The architect hires 100 interns. Each intern gets ONE floor and a specific task. They don’t know about the other 99 floors, so they can’t get confused. They report back with perfectly organized findings.

Phase 4: Aggregation (The Synthesis Phase)

Finally, the Architect combines the intern reports:

# The Architect synthesizes the final answer
'''repl
# Remove duplicates and format
unique_interactions = set(all_interactions)
final_report = f"Found {len(unique_interactions)} unique drug interactions:n"
final_report += "n".join(sorted(unique_interactions))

FINAL_VAR(final_report)
'''

The Simple Analogy:

The architect doesn’t build the skyscraper herself. She signs off on the final report that says: “All systems checked. Building is safe.”
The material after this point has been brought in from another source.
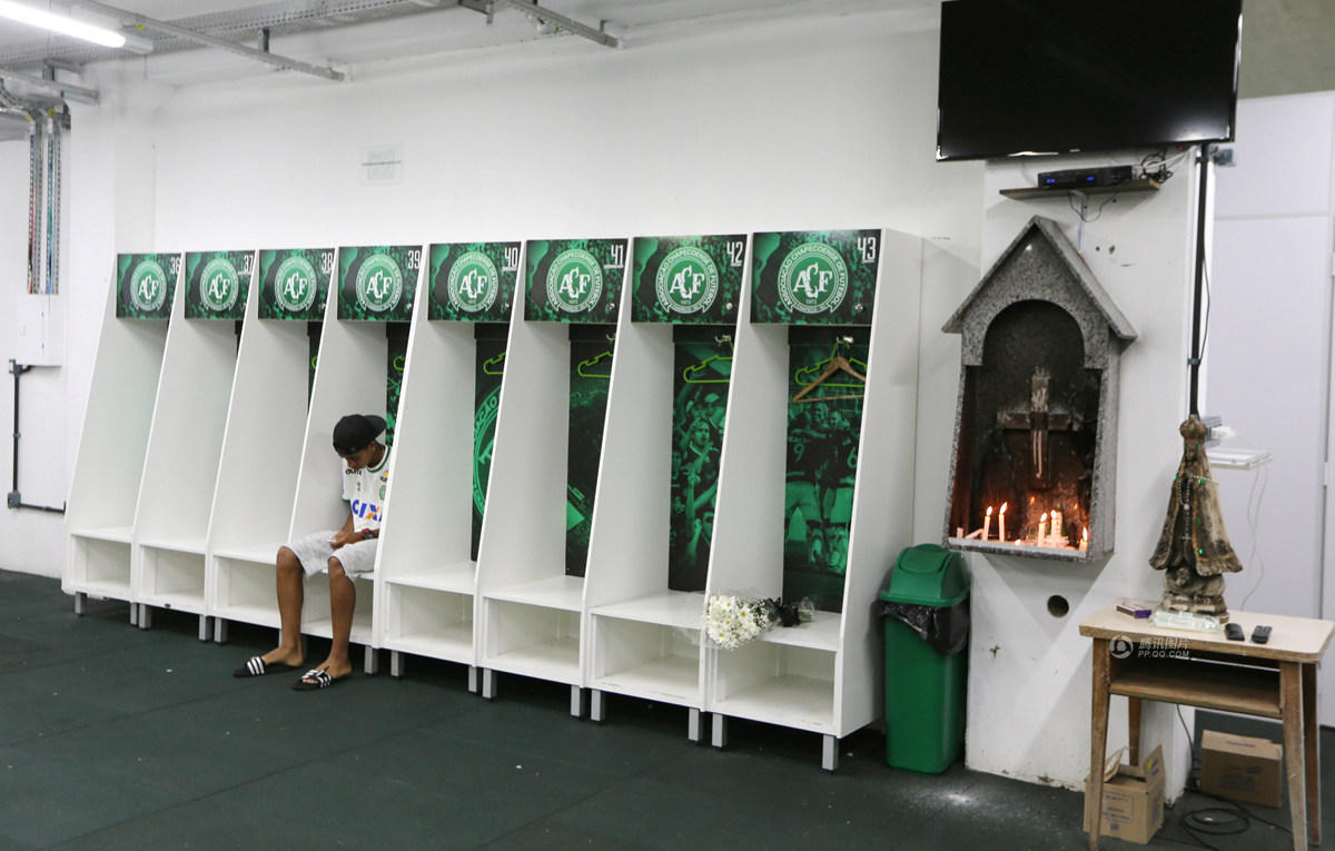 沙佩科恩斯队更衣室里,为遇难球员点上了蜡烛。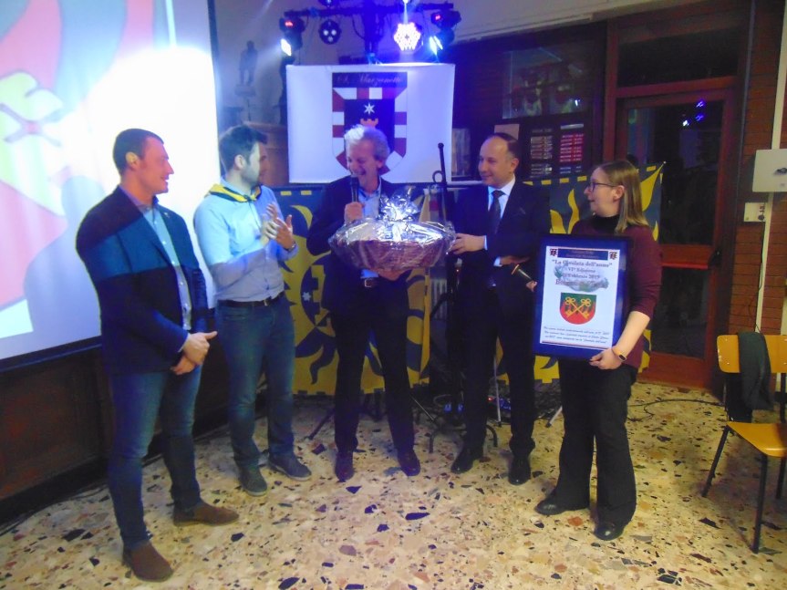 “Si è svolta , sabato 23 febbraio la tanto attesa Cena del Cavolo di San Marzanotto presso il circolo ricreativo Sempre Uniti della CRA di Asti. Borghigiani e simpatizzanti hanno partecipato con entusiasmo all’ottima cena, ovviamente a base di cavolo, preparata da uno chef stellato. Durante la serata all’insegna della goliardia è stata presentata la pergamena d’autore, questa volta disegnata dal maestro Antonio Giuntoli. Non sono mancati i filmati dove si è voluto far conoscere l’attività del comitato fino alla tanto attesa premiazione che ha visto il Comitato Palio Borgo San Pietro aggiudicarsi l’ambito premio denominato la Cavolata dell’anno. La premiazione è stata officiata alla presenza del Sindaco di Asti Maurizio Rasero, dal Capitano del Palio Michele Gandolfo, dal Rettore di Borgo San Marzanotto Emil Dovico e ovviamente dal Rettore del Borgo San Pietro Mario Raviola che ha accettato il premio con sportività. La motivazione dell’assegnazione del prestigioso premio, (un cesto contenente cavoli di ottima qualità e una calcolatrice più un quadro ricordo), è dovuto per non avere saputo contare bene i partecipanti ammessi al corteo Storico schierando 46 partecipanti invece dei 45 che il regolamento impone. Un numero in più che ha decretato la penalizzazione al Palio 2018 che consiste nel poter sfilare solo con il vessillo.Appuntamento al prossimo anno, la giuria è già al lavoro per individuare chi commetterà la “cavolata dell’anno 2019” più eclatante!!”

Why This Changes Everything: The Five Breakthroughs

1. Deterministic Reasoning (The End of “Oops, I Missed Page 452”)

The Problem:

  • Standard LLMs are probabilistic. When you ask them to loop through data, they might skip lines, lose focus, or hallucinate processing they never did.

The RLM Solution:

  • Python loops are deterministic. The code guarantees every line is processed. No skipping. No forgetting. It’s mathematically certain.

🎯 Key Insight: RLM combines neural intuition (“what does this mean?”) with symbolic rigor (“did we check everything?”).

2. True Infinite Context (The Library of Alexandria Problem)

They tested RLM on 10+ million tokens — the equivalent of 20 novels. While GPT-5 failed at 33k tokens on quadratic tasks, RLM maintained 58% accuracy at 1M+ tokens.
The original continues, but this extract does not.